Recorded data:
● ● ● ● ● ● ●
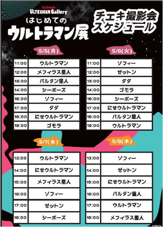 ウルトラマンやウルトラ怪獣、宇宙人とのチェキ撮影会をイベント期間中毎日開催します。
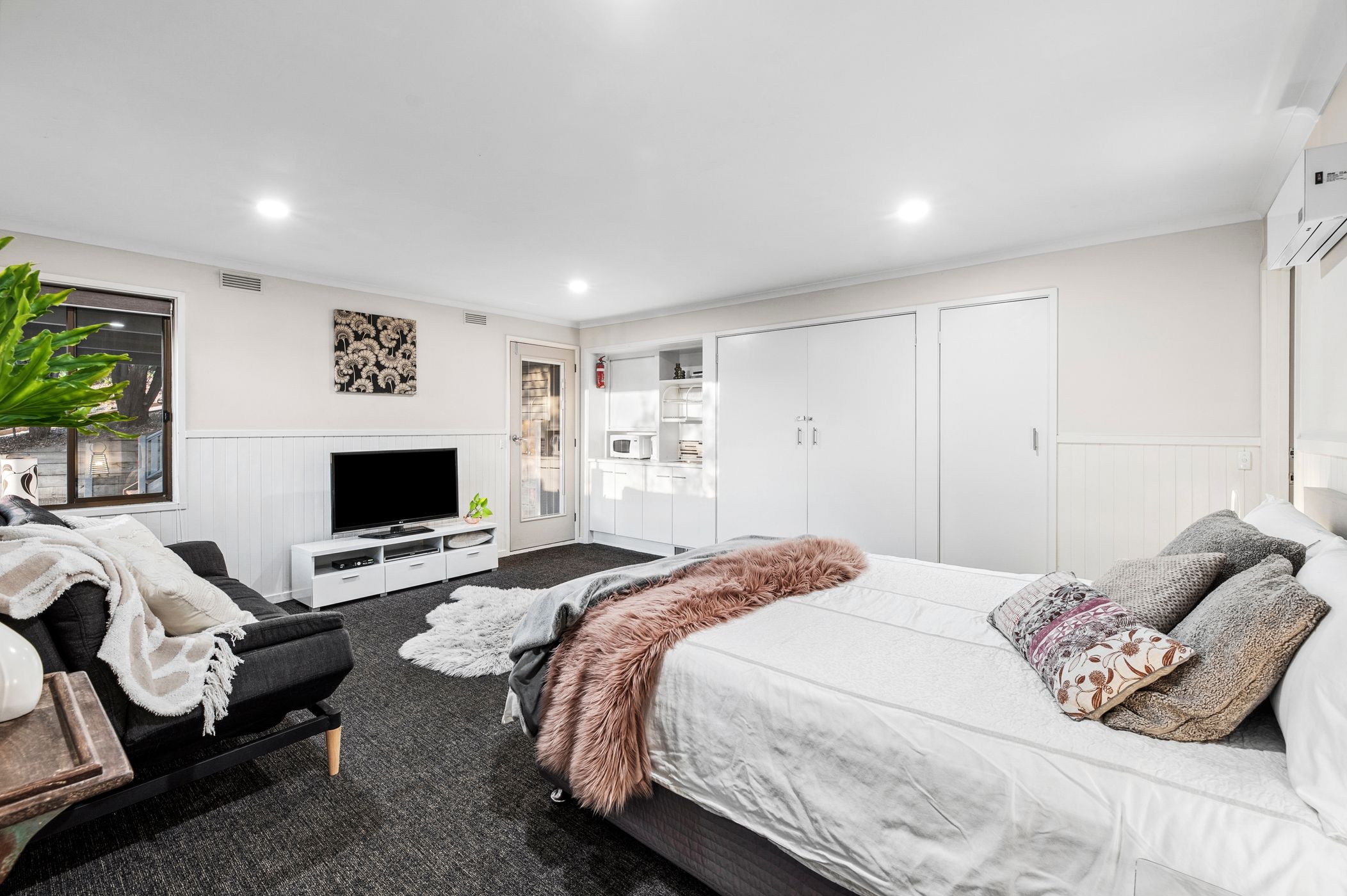 Additional Bedrooms: Two junior bedrooms each with robes occupy a top-floor position, while the lower-level offers private accommodation with a fourth studio bedroom complete with private ensuite, kitchenette and built-in robes.
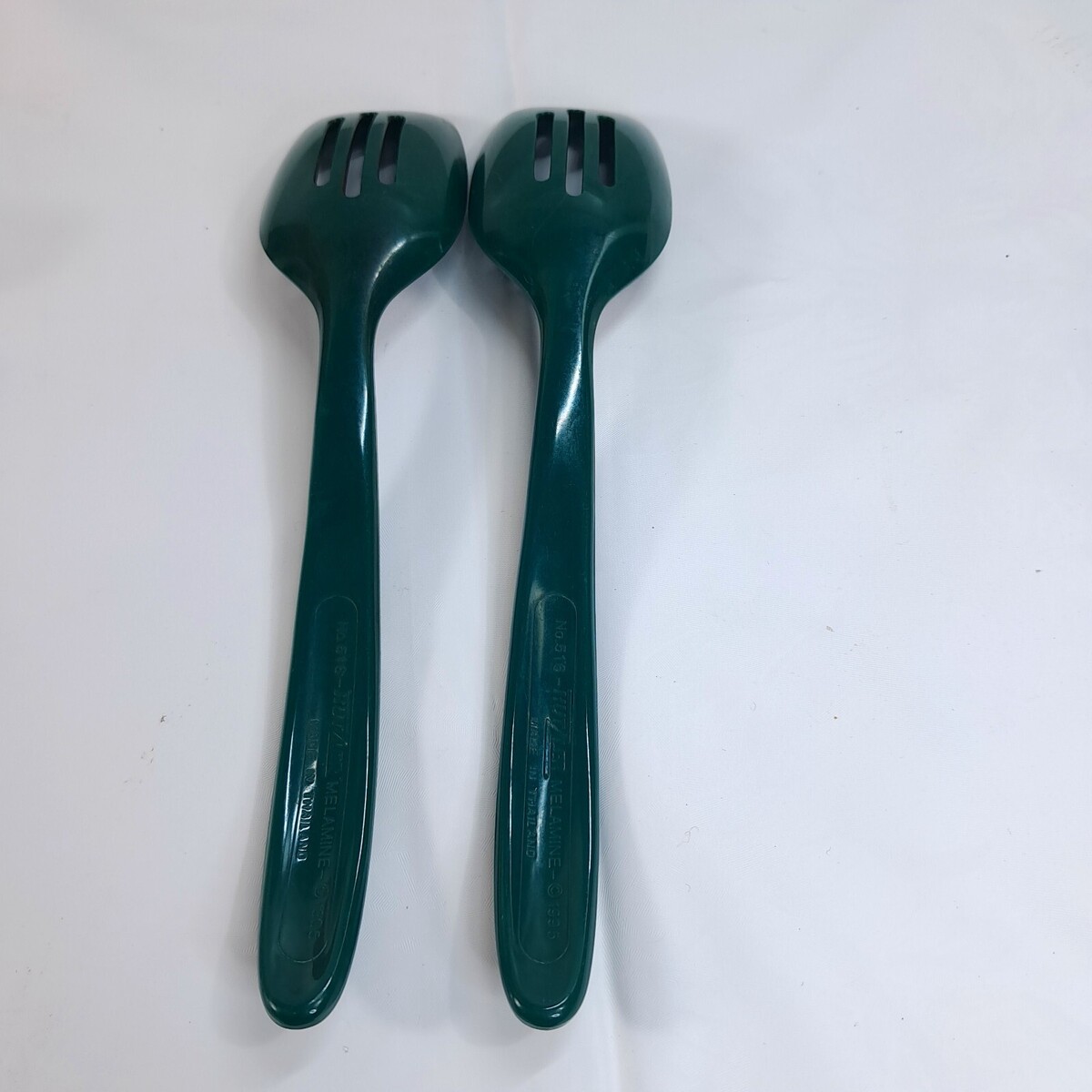 Hutzler Melamine Mini Slotted Spoons #516 Green set 2 1995 serving Vintage
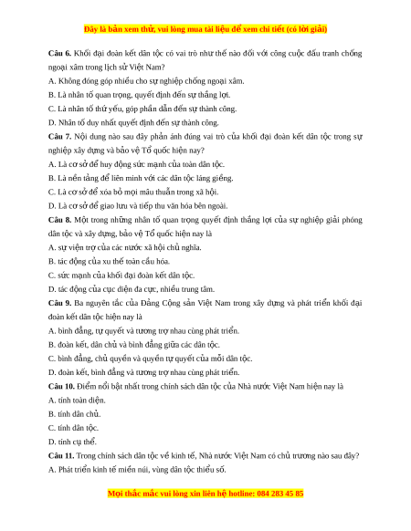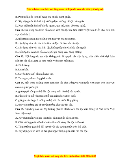Đây là bản xem th , vu ử i lòng mua tài li u ệ đ xe ể m chi ti t (c ế ó l i ờ gi i ả ) B. Phát tri n n ể n ki ề nh t hà ế ng hóa nhi u t ề hành ph n. ầ C. Xây d ng n ự n ki ề nh t t ế hị trư ng đ ờ nh ị hư ng xã ớ h i ộ chủ nghĩa. D. Phát tri n ể n n ki ề nh t nhi ế u ngà ề nh, quy mô, trình đ c ộ ông ngh . ệ Câu 12. N i ộ dung bao trùm c a ủ chính sách dân t c ộ mà Nhà nư c ớ Vi t ệ Nam tri n ể khai trên lĩnh v c ự văn hóa là A. ti p t ế hu có ch n ọ l c ọ nh ng
● ● ● ● ● ● ●
An exact copy is needed of the stretch above that opens with the line containing "Additional Bedrooms: Two" and closes with the line containing "Hutzler Melamine Mini"; the pictures are not part of it.

 Additional Bedrooms: Two junior bedrooms each with robes occupy a top-floor position, while the lower-level offers private accommodation with a fourth studio bedroom complete with private ensuite, kitchenette and built-in robes.
 Hutzler Melamine Mini Slotted Spoons #516 Green set 2 1995 serving Vintage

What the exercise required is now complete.